April 16, 2021
The Senate confirmed Gary Gensler to be Chairman of the SEC by a 53-45 vote. Mr. Gensler is expected to pursue greater disclosure on issues such as diversity and climate risk and drive an aggressive regulatory and enforcement agenda.
The Senate approved Gensler for a term lasting until early June, though under SEC rules he would be able to serve through next year. Democrats plan to vote on another Gensler term that would allow him to stay in office into 2026. He previously served under President Obama as the head of the Commodity Futures Trading Commission following the 2008-09 financial crisis, where he gained a reputation for efficiency, moving initiatives through the rulemaking process with impressive speed.
Will Mr. Gensler continue the rapid pace set by Acting Chair Alison Herron Lee on climate change? In confirmation hearings, Mr. Gensler has indicated broad support for the ESG agenda without explicitly committing to specific actions. Congressional Republicans have already indicated concerns with the SEC becoming overly involved in environmental and social issues and are likely to push back sharply on requirements to disclose political spending and lobbying, workforce diversity metrics, and climate risks. Sen. Pat Toomey (R-PA), the ranking Republican on the Senate Banking Committee, voiced the concern that “[Mr. Gensler] will cause the SEC to use its regulatory powers to advance a liberal social agenda focused on issues such as global warming, political spending disclosures, racial inequality and diversity.” Most recently, the SEC issued a Risk Alert to the market indicating the Division of Examinations has notable concerns about what is being sold to investors as “ESG” investing.

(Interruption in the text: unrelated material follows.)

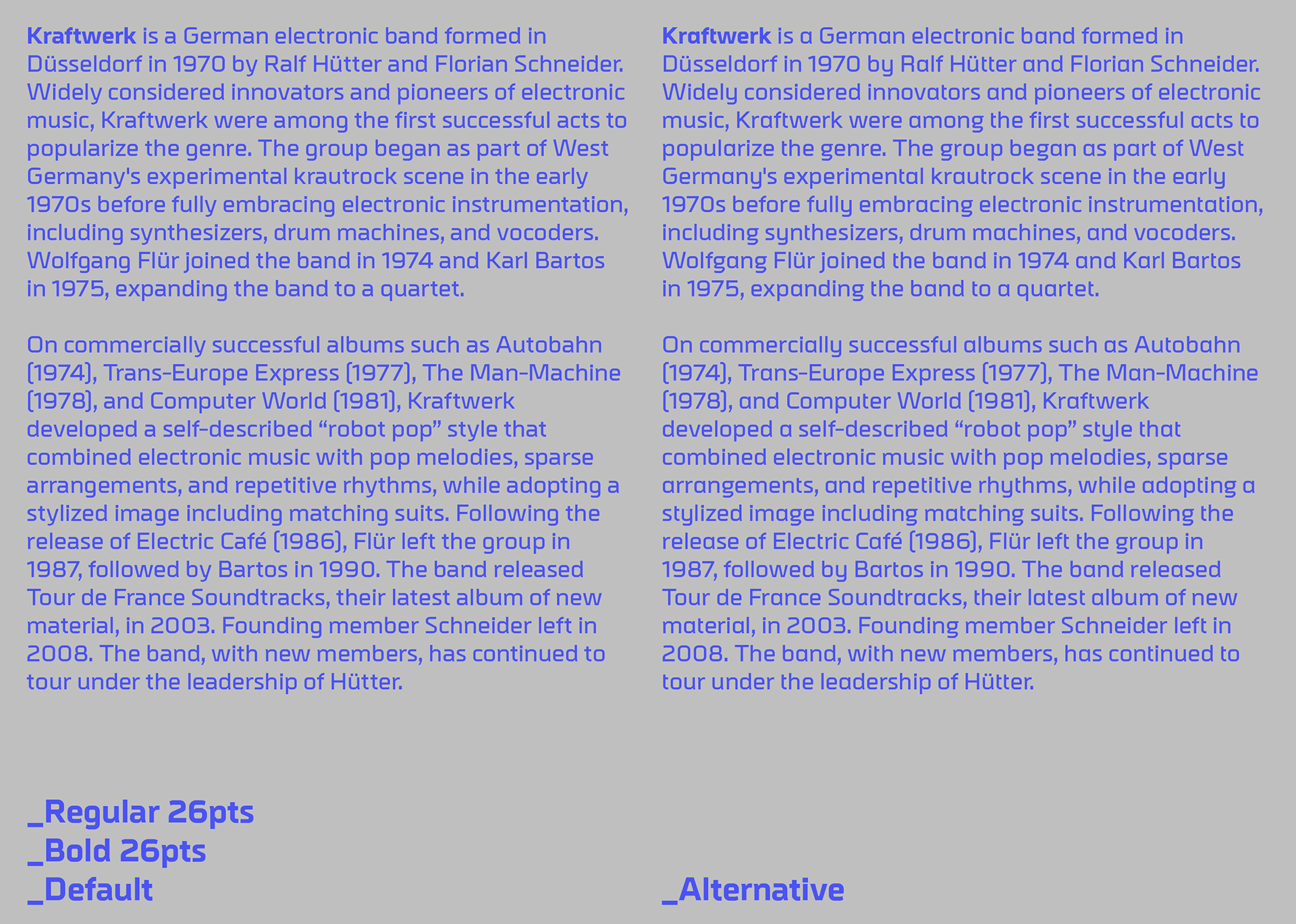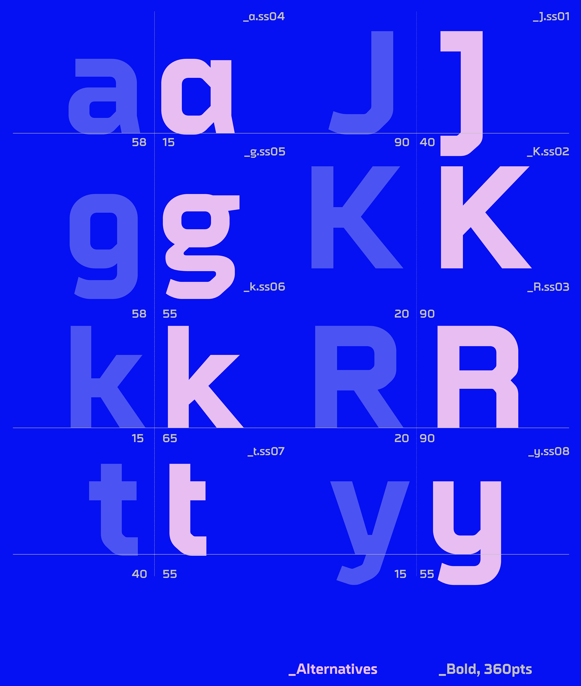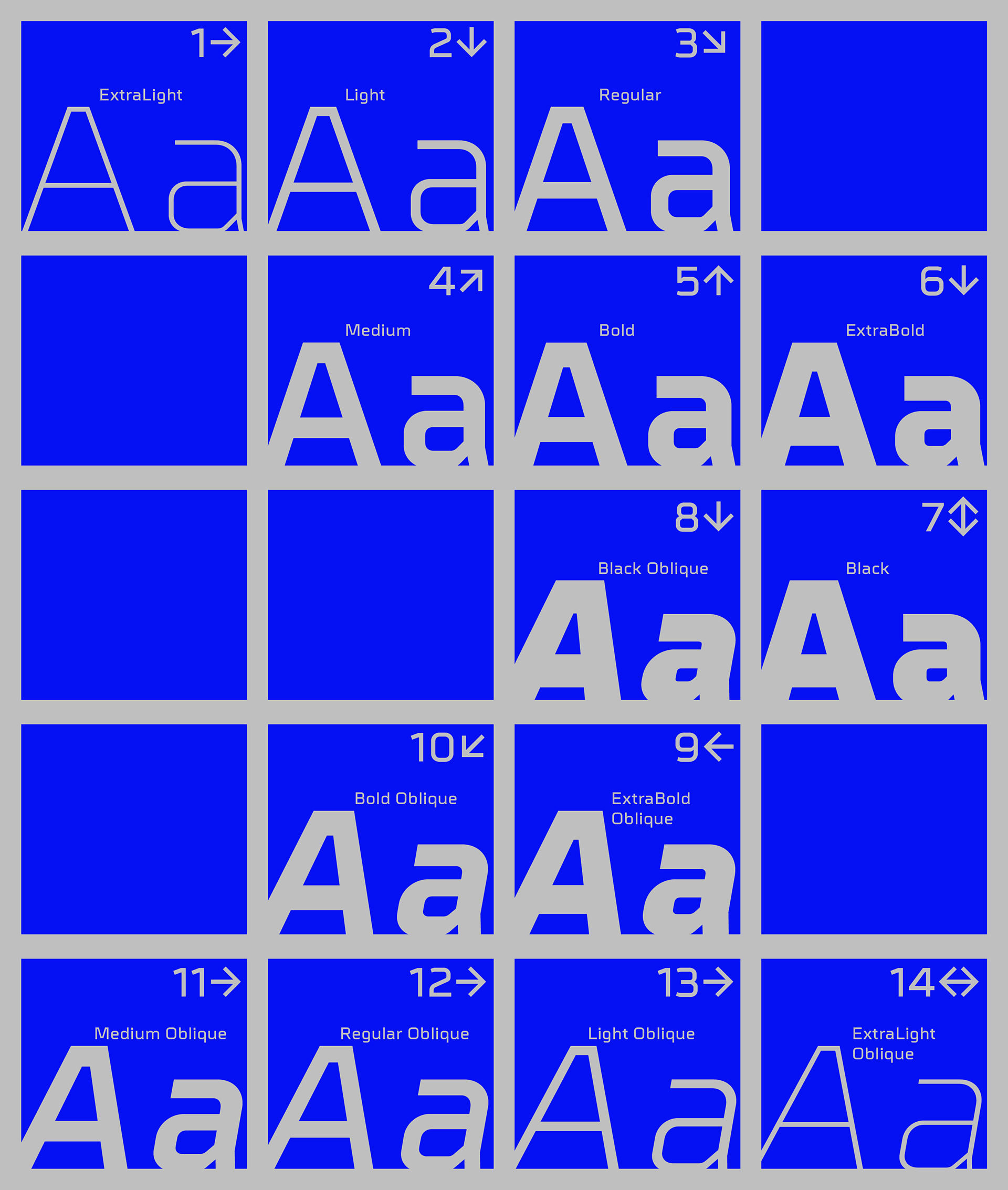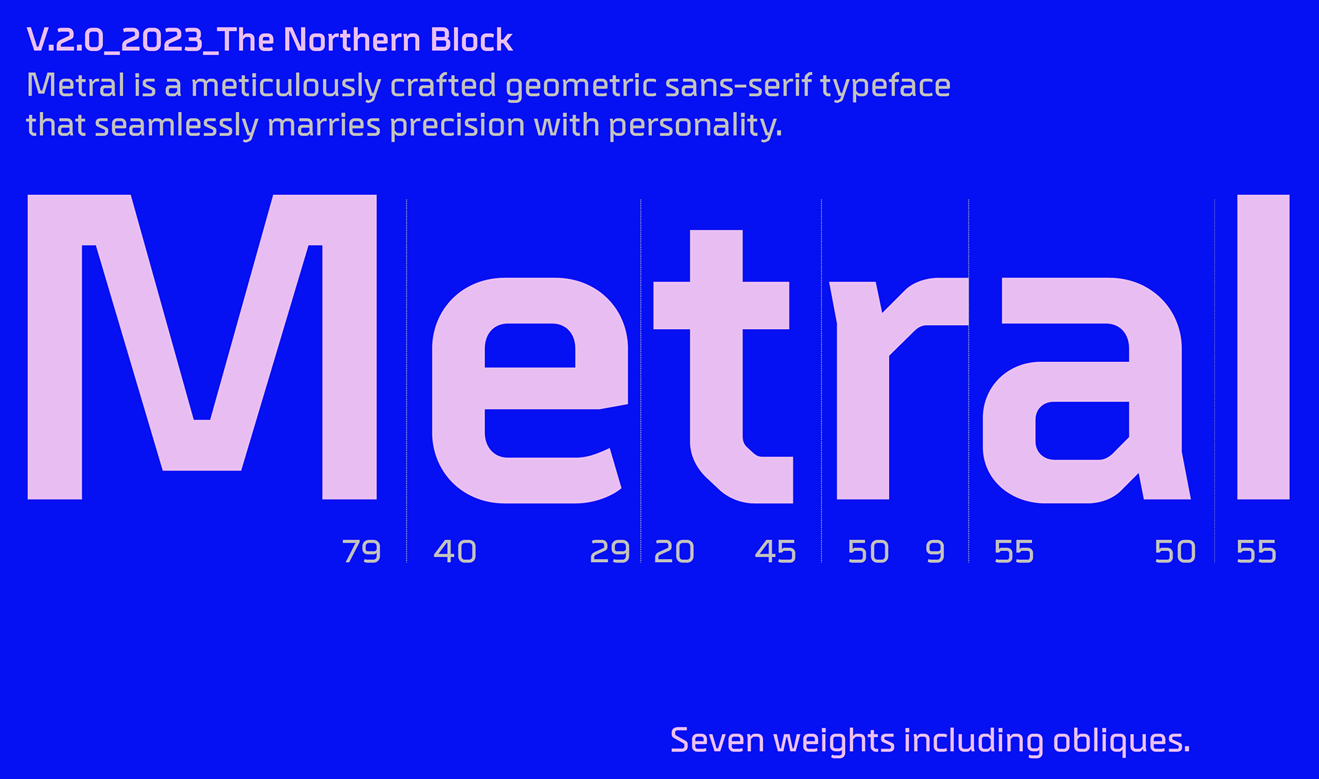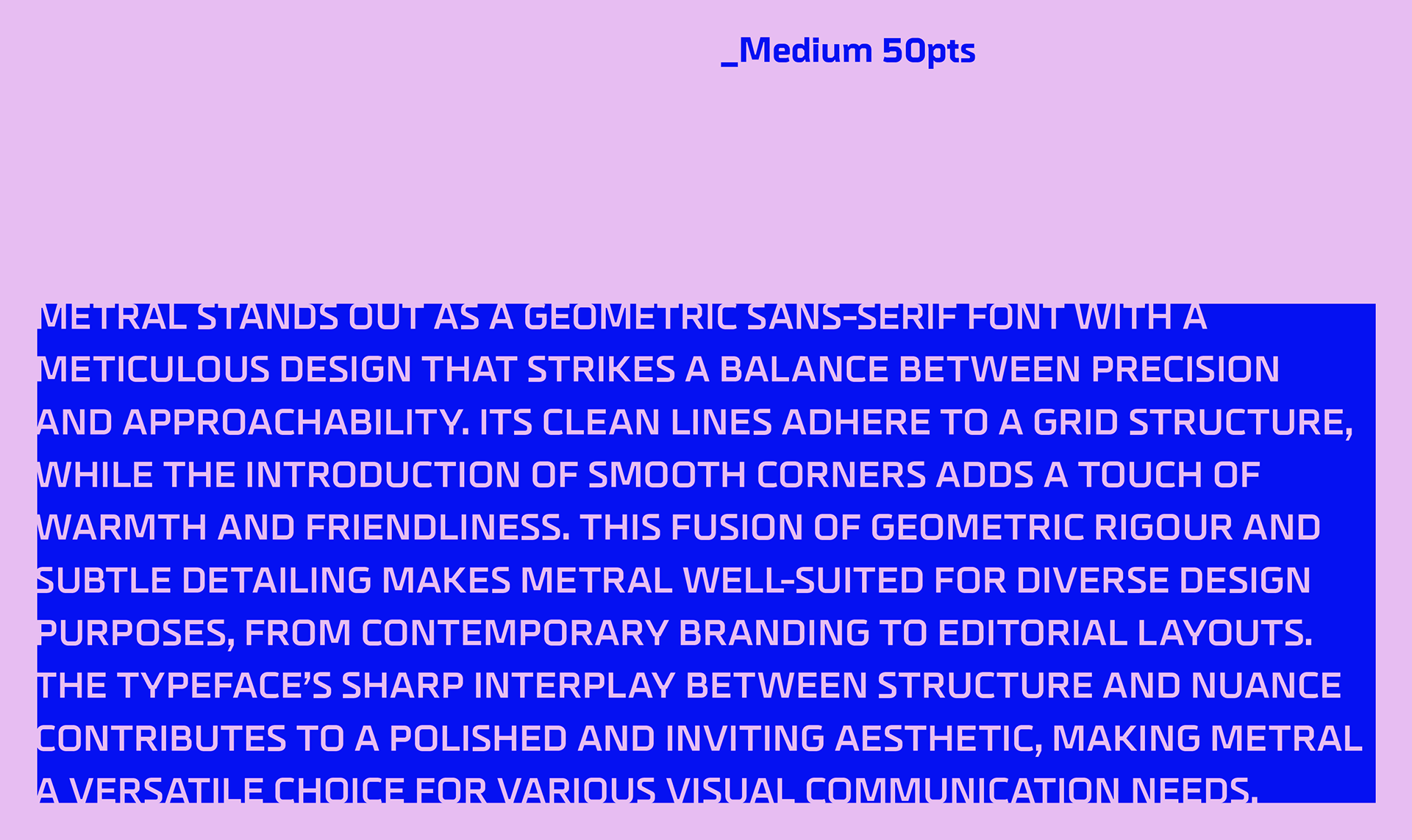 Metral stands out as a geometric sans-serif font with a meticulous design that strikes a balance between precision and approachability. Its clean lines adhere to a grid structure, while the introduction of smooth corners adds a touch of warmth and friendliness. This fusion of geometric rigor and subtle detailing makes Metral well-suited for diverse design purposes, from contemporary branding to editorial layouts. The typeface's sharp interplay between structure and nuance contributes to both a polished and inviting aesthetic, making Metral a versatile choice for a variety of visual communication needs. Details include seven weights with obliques and over 650 characters per style. OpenType features consist of digital numerals, numerators, denominators, tabular, fractions, alternative J, K, R, a, k, g, t, y, and language support covering Western, Southern and Central Europe—remastered to version 2.0 for enhanced OpenType features and usability.

Volatility in the market may grab Mr. Gensler’s immediate attention: Mr. Gensler will be called on to address investor safety concerns related to the GameStop stock price volatility and trading platform concerns. Additionally, the SEC is likely to launch investigations into the increased popularity (and potential risks) of SPACs, cryptocurrencies, and the implosion of the Archegos Capital Management investment fund and its impact on several of the largest international banks.
Outlook: Mr. Gensler’s nomination has been viewed as more aligned with the progressive wing of the Democratic Party, and it is likely he will be a major figure in the effort to address climate change through greater disclosure. Further, he is likely to exhibit the same tough approach to regulation and enforcement seen during his time at the CFTC.